Special Stock Warrants (abbreviated SSW) are numbered and GPG signed instruments which create the right for a beneficiary specified by GPG fingerprint to purchase a specified number of S.NSA shares directly from No Such lAbs for a specified price, no earlier than a specified date. To be valid an SSW must be published by No Such lAbs at the time of its issuance.

The WOT means the Web Of Trust as maintained on bitcoin-otc.com, or at any such place that it may in time be moved.

2. DISCUSSION OF CONFLICT OF INTEREST

While Mircea Popescu's position as operator/majority shareholder of MPOE/MPEx may prima facie give rise to a conflict of interest, we consider this is not likely to be the case on the grounds that a) the best interests of S.NSA shareholders are not conceivably due to come into conflict with the best interests of S.MPOE shareholders ; b) the management of the relationship between the two entities is sufficiently public that fair dealing as well as non-favoritism of either entity may easily be verified by third parties. Nevertheless, this as well as pretty much everything else pertaining to BTC is speculative, unverified and novel, so third parties are encouraged to make their own determinations and rely on their own judgement.

3. THE INITIAL PUBLIC OFFERING.

3.1. Transactions Prior To The IPO. Subject to the conditions hereof, the named individual and MPEx shall use their reasonable best efforts to consummate the Listing Agreement, as follows :

(a) The named individuals will sign this exact Agreement as a clearsigned GPG document and forward this signed document to MPEx ;

(b) No Such lAbs will maintain a link on its main page to the MPEx listing and will reference the MPEx listing in corporate communication when appropriate ;

(c) MPEx, upon receipt of the aforementioned signed document will clearsign it and publish it on a separate page on the MPEx website, and will make reference to this page in relation to this agreement ;

(d) Upon publication MPEx will inform its market makers, preferred traders and other significant investors of the opportunity of investment.

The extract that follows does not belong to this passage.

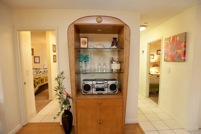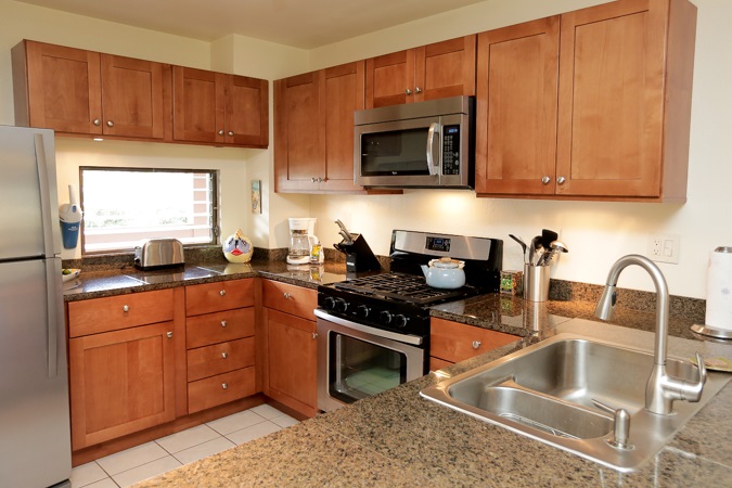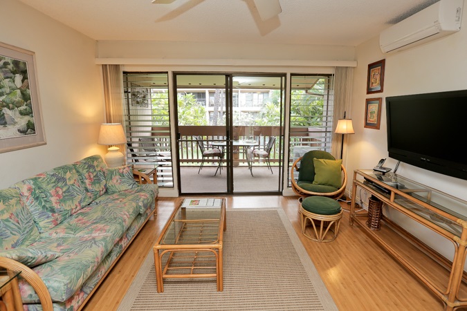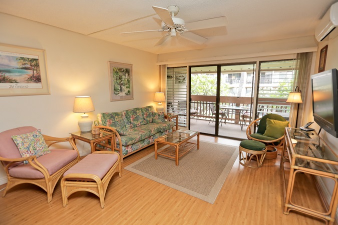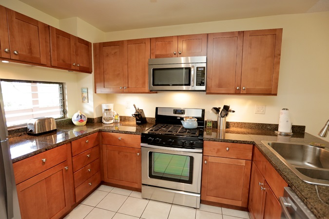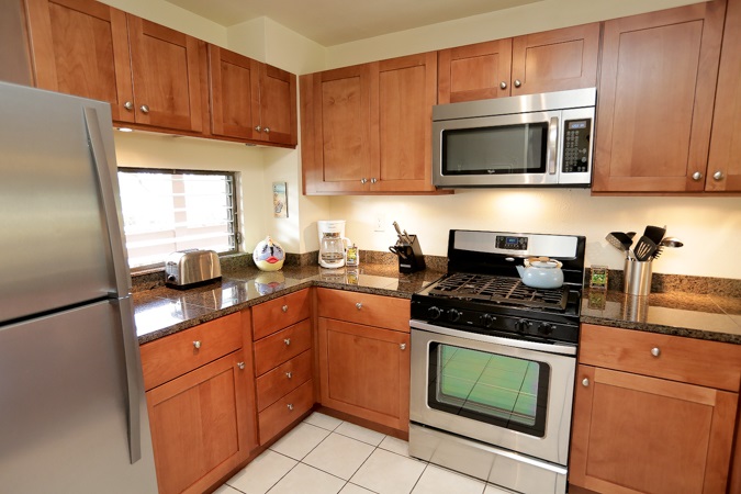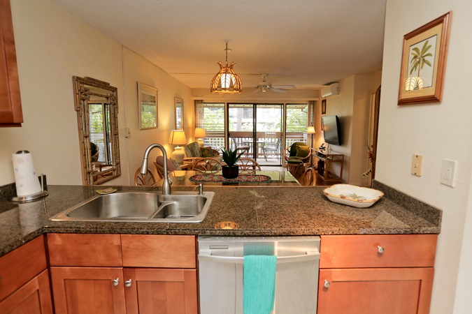 Kihei Akahi B-203 is where your great Maui life-long vacation begins! Located upstairs in the intimate Hale Mauna Loa Building (ten units on two floors), you will have a leisurely 500' stroll to Kamaole Beach Park II, one of Maui's best beaches, known for exceptional swimming, snorkeling & sunsets! This beautifully renovated walk-up unit is the perfect location in the ideal building in the complex: close to the beach, pool, gas grills, and parking, yet not in the monolithic C- & D-towers. The fully equipped kitchen offers clean Shaker-style cabinetry, granite-tile counters & quality stainless-steel appliances (yes, a gas range-chef's delight!) Recent improvements include a new high-capacity stacked washer/dryer, new bedroom carpeting. Prevailing trade winds offer gentle breezes nearly year-round; the new split-system air conditioner in the living room & master bedroom ensure comfort for all. The ample lanai overlooks a lush tropical garden and will be your go-to place for cocktails, meals, curling up with a good book or simply daydreaming in our balmy Maui climate. Beautifully landscaped with mature flowering trees & tropical plants, Kihei Akahi's grounds provide cool tranquility; amenities are nearby & plentiful, with lots of shops & restaurants within walking distance. Priced to sell, your Maui home awaits!

3.2. The Terms of the Listing Agreement.

(a) No Such lAbs will offer one block of 100`000`000 (one hundred million) shares for a nominal value of 0.0001 BTC each, for a total equity value of 10`000 BTC starting on October 15th, 2013. In the case that by October 20th, at noon GMT placement of less than 1% of those shares is successful, the IPO will be deemed to have failed and all available capital minus all expenses incurred will be returned to buyers proportionally by the number of shares they hold. In the case that placement of more than 1% of those shares succeeds, the IPO will be deemed to have been consummated, and the total number of sold shares will become the total No Such lAbs authorised float.

(b) No Such lAbs solemnly promises and warrants never to issue more shares on any other venue nor in any way to fraudulently dilute existing shareholders at any point in the future. All future share issuance will be made only a) through selling of new shares on MPEx, subject to approval by MPEx, at a price no less than the thirty day average price then current on MPEx ; or b) through issuing of new shares on MPEx in exchange for mergers or acquisitions in all-stock or stock-and-BTC deals ; or c) through the issuing of Special Stock Warrants as defined, written at a price no less than the average S.NSA price 24 hours prior to the SSW issuance.

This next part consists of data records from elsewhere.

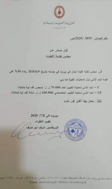 قرر مجلس نقابة أطباء لبنان في بيروت، خلال جلسته المنعقدة بتاريخ 9/6/2020، زيادة 30% على قيمة الحد الأدنى لبدل المعاينات الطبية كما يلي:
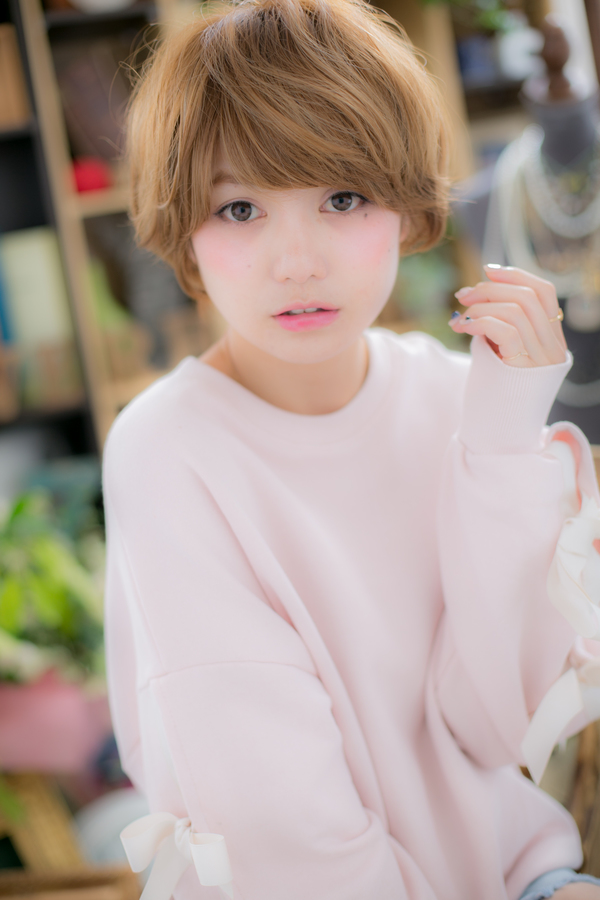 トップに長さを残して女の子らしく柔らかなカールがポイントのショートヘア。ハイトーンカラーで外国の子どもみたいなふわくしゅ感とピュアな透明感を演出。
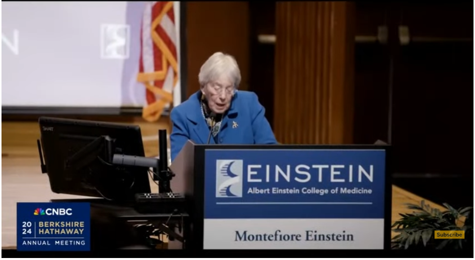 股东大会现场开始播放短片。短片中,爱因斯坦医学院董事会主席宣布,从今年8月起免除学生学费。这一决定全得益于一笔高达10亿美元的捐款,这笔巨款来自于伯克希尔-哈撒韦公司的早期投资人,与巴菲特有六十年的友情的大卫·戈特曼。
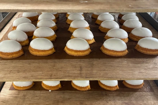 製造する商品は生菓子と焼き菓子が中心。定番商品のブラッシュアップを重ね、「エクラならでは」の顔となる商品を育てることに注力しています。地元のお客様が毎年予約してくれる定番ケーキ、観光客の目を引く美しいアントルメ、そして島の日常に溶け込む焼き菓子の数々。それぞれの商品に、シェフのフィロソフィーが宿っています。

(c) The agreement between the parties is that Stanislav Datskovskiy will handle the operational, research and technical aspects of the venture, and jointly with Mircea Popescu the strategic management of the venture through a consensus process ; whereas Mircea Popescu will handle marketing, accounting and MPEx-compliant reporting for the venture, and jointly with Stanislav Datskovskiy the strategic management of the venture through a consensus process. As such Stanislav Datskovskiy is entitled to and will be issued a number of SSWs equal to 70% of the shares sold per 3.2.a above, at a price equal to the average price established by the IPO, and Mircea Popescu is entitled to and will be issued a number of SSWs equal to 30% of the shares sold per 3.2.a above, at a price equal to the average price established by the IPO. Further, any subsequent share issuance by S.NSA for any reason through any of the three avenues delineated under 3.2.b above will result in further SSWs being issued for Stanislav Datskovskiy, equal to 70% of the share issuance, as well as for Mircea Popescu, equal to 30% of the share issuance, with a price equal to the share price used in the share issuance.

(d) No Such lAbs shares do not have voting rights. This notwithstanding, the management may from time to time and at its own discretion solicit advisory, non-binding votes from the shareholders on topics of interest by making a statement indicating a number of clear alternatives for which shareholders are to vote by a specified cutoff date. The shareholders, prior to that date, post in the indicated venue their vote, signed with their GPG key as registered on MPEx. On the cutoff date the votes are tallied according to shares held and the result published.

(e) No Such lAbs will publish accurate accounts of all its income and expenditure on a monthly basis, alongside a reasonable summary of the various assets it may in time come to control, no later than by the fifth day of each month. Under exceptional circumstances and for Good Cause the publishing of these statements may be deferred no more than once in a calendar year so that the statements for one month are published together with the statements for the next month.

(f) No Such lAbs will make dividend payments regularly once a year, alongside the statement for the month of November of that year. No Such lAbs may also make exceptional dividend payments at any time, if management considers it prudent. The dividends, regular or exceptional, may not exceed the actual income of No Such lAbs in the respective interval. The lowest per share regular dividend is one satoshi.

(g) All dividend payments that occur in the interval between the issuance of a SSW and its redeeming will be counted against the share price stated therein, diminishing it, irrespective of whether the SSW is redeemed on the exact term or later.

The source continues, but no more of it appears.